Having escaped the lot, Pee-wee discovers a burning pet shop and rescues the animals. The firefighters declare Pee-wee a hero, but the police tells them he's a criminal and arrest Pee-wee for his intrusion at the studio. They return Pee-wee to the studio to face Warner Bros. president Terry Hawthorne. After Pee-wee pleads his case that the bike belongs to him, Hawthorne decides to drop the charges and return Pee-wee's bike in exchange for the rights to adapt his story into a film starring James Brolin as "P.W. Herman" and Morgan Fairchild as Dottie. In the film, the characters must retrieve their stolen motorbike – which contains an important microfilm – from the Soviets. Pee-wee has a bit role as a hotel bellhop, though his voice has been dubbed.

Seeing the film at a drive-in theater, Pee-wee gives refreshments to the different people he met along his journey, then joins Dottie at their bikes. He also encounters Francis, who tells reporters he is Pee-wee's best friend and that he taught Pee-wee how to ride. Francis claims to be knowledgeable about Pee-wee's bike, but sets off one of the bicycle's gadgets, catapulting himself into the air.

Pee-wee wants to leave the drive-in, and Dottie asks why he is not staying to watch the rest of the film. Pee-wee answers "I don't have to see it, Dottie. I lived it." He and Dottie then ride off together silhouetted against the screen.

Cast

 Paul Reubens as Pee-wee Herman, a child-like man whose bike is stolen.
 E.G. Daily as Dottie, a bike shop employee who is Pee-wee's friend.
 Mark Holton as Francis Buxton, a man-child who is Pee-wee's enemy and neighbor.
 Diane Salinger as Simone, a waitress who dreams of visiting France.
 Judd Omen as Mickey Morelli, an escaped convict who was incarcerated for tearing a tag off a mattress.
 Irving Hellman as Mr. Crabtree
 Erica Yohn as Madame Ruby, a psychic.
 Alice Nunn as Large Marge, a truck driver.
 Phil Hartman as Reporter
 John Harris as Andy, Simone's possessive boyfriend.
 Daryl Keith Roach as Chuck
 Carmen Filpi as Jack, a hobo that Pee-wee meets on a train.
 Starletta DuPois as Sgt. Hunter
 Professor Toru Tanaka as the unnamed butler of the Buxton family
 Ed Herlihy as Mr. Buxton, the father of Francis
 Jan Hooks as Tina
 Ralph Seymour as Francis' Accomplice, the guy who steals Pee-Wee's bike and sells it to Warner Bros. Studios.
 Jason Hervey as Kevin Morton, a bratty child star.
 Tony Bill as Terrance "Terry" Hawthorne, the president of Warner Bros. Studios.
 Lynne Marie as an actress who portrays the "Mother Superior" in Kevin Morton's film
 John Paragon as Man in Red Armor
 George Sasaki as Japanese Director
 Richard Brose as an actor portraying Tarzan
 Lou Cutell as Amazing Larry
 Cleve Hall as an actor in the Godzilla suit (uncredited)
 Cleve Hall also does an uncredited portrayal as a member of the Satan's Helpers.
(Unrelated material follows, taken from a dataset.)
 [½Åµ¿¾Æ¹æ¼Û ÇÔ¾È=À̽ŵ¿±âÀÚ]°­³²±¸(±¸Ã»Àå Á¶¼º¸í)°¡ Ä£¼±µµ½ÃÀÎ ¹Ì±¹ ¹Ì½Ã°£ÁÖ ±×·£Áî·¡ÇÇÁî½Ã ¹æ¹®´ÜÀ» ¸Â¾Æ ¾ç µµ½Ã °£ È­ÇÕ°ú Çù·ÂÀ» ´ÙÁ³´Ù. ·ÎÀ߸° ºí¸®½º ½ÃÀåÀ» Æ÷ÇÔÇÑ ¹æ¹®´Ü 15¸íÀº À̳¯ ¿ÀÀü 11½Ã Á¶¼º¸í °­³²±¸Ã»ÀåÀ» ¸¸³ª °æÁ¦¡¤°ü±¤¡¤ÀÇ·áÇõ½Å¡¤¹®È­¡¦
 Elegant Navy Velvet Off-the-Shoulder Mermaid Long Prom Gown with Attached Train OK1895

 Darla as Pink Poodle (uncredited)

Michael Varhol, who co-wrote the script with Reubens and Hartman, cameos as a photographer. Director Tim Burton has an uncredited cameo as the street thug who confronts Pee-wee in a rainy back alley. Cassandra Peterson (a.k.a. Elvira, Mistress of the Dark) portrays the Biker Mama of Satan's Helpers. James Brolin portrays P.W. Herman and Morgan Fairchild is Dottie in the film-within-a-film production about Pee-wee's life. Heavy metal band Twisted Sister and veteran comedy star Milton Berle cameo as themselves with the latter being uncredited.
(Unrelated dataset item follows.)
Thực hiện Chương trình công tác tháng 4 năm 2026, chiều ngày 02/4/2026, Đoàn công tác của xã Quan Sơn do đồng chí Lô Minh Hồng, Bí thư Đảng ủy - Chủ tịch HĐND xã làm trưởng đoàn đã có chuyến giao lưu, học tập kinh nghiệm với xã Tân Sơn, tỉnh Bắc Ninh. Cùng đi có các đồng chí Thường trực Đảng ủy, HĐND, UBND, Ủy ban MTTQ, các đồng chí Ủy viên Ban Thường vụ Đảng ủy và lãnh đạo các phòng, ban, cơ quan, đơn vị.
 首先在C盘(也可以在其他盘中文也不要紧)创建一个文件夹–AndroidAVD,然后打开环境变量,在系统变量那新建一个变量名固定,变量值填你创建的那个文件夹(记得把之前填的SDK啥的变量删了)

The film contains numerous "conceptual continuity" links to other Tim Burton films and other productions:

 Several cast members from The Pee-wee Herman Show (who went on to appear in Pee-wee's Playhouse) have cameo roles. John Moody (Mailman Mike in The Pee-wee Herman Show) appears as the bus clerk in the film-studio sequence, Lynne Marie Stewart (Miss Yvonne) plays the Mother Superior, John Paragon (Jambi the Genie) plays the high-voiced studio extra in red armor of whom Pee-wee asks directions and the reporter interviewing Francis in the final scene at the drive-in is played by Phil Hartman (Cap'n Carl).
 Jan Hooks (Tina) was a fellow member of The Groundlings comedy troupe with Reubens, Hartman and Paragon, and went on to costar on Saturday Night Live with Hartman. She also had a cameo role as a publicist in Burton's Batman Returns.
 Reubens and Diane Salinger (Simone) were reunited in the opening sequence of Burton's Batman Returns in which they portrayed the parents of the Penguin. They appeared together again in Pee-wee's Big Holiday.

Production

The success of The Pee-wee Herman Show prompted Warner Bros. to hire Paul Reubens to write a script for a full-length Pee-wee Herman film. His original concept was a remake of Pollyanna (1960), Reubens' favorite film, with Pee-wee Herman in the Hayley Mills role. While writing the script, Reubens noticed that many at Warner Bros. rode bicycles around the backlot and requested one of his own. This inspired Reubens to start a new script.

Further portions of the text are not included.